Action Input: {"keywords": ['SMS marketing', 'Brands', 'Digital strategies', 'Immediacy', 'Visibility', 'Notifications', 'Consumers', 'Click-through rates (CTR)', 'Email marketing', 'Channel of communication', 'Marketing message', 'Customer relationships', 'Conversions', 'Thought leadership', 'Time-sensitive offers', 'New releases', 'Email marketing strategy', 'Abandoned cart reminders', 'Cost-effective', 'B2B']}
Observkeywords: ['SMS marketing'. Type: <class 'str'>
keywords: ['SMS marketing'. Type: <class 'str'>
keywords: ['SMS marketing'. Type: <class 'str'>
keywords: ['SMS marketing'. Type: <class 'str'>
keywords: ['SMS marketing'. Type: <class 'str'>
keywords: ['SMS marketing'. Type: <class 'str'>

I encountered an error while trying to use the tool. This was the error: 'str' object has no attribute 'keywords'.
 Tool Keyword Search Volume Analyser accepts these inputs: Keyword Search Volume Analyser(keywords: 'object') - Get search volume data and search insights for keywords.
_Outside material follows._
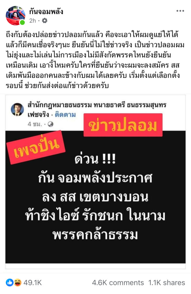 ถึงกับต้องปล่อยข่าวปลอมกันแล้ว คือจะเอาให้ผมดูแย่ให้ได้แล้วก็มีคนเชื่อจริงๆนะ ยืนยันนี่ไม่ใช่ข่าวจริง เป็นข่าวปลอมผมไม่ยุ่งและไม่เล่นไม่การเมืองไม่มีสังกัดพรรคไหนยังยืนยันเหมือนเดิม เอางี้ไหมครับใครที่ยืนยันว่าจะผมจะลงสมัคร สส เดิมพันมือออกคนละข้างกับผมได้เลยครับ เริ่มตั้งแต่เลือกตั้งรอบนี้ ช่วยกันส่งต่อแก้ข่าวด้วยครับ

Notice how ['word1' gets cut off and its a string instead of a list. I have switched between versions as well. Unless lists are not supported at all, or am I missing something?

danielgen commented 2 weeks ago

I am not sure if I follow the example but: the model passes only a string to tools in my understanding (i.e. the model does not pass datatypes other than text), while when you call it manually you pass a list. You could try modifying the function to eval() the string representation of the list to make it into an actual python list.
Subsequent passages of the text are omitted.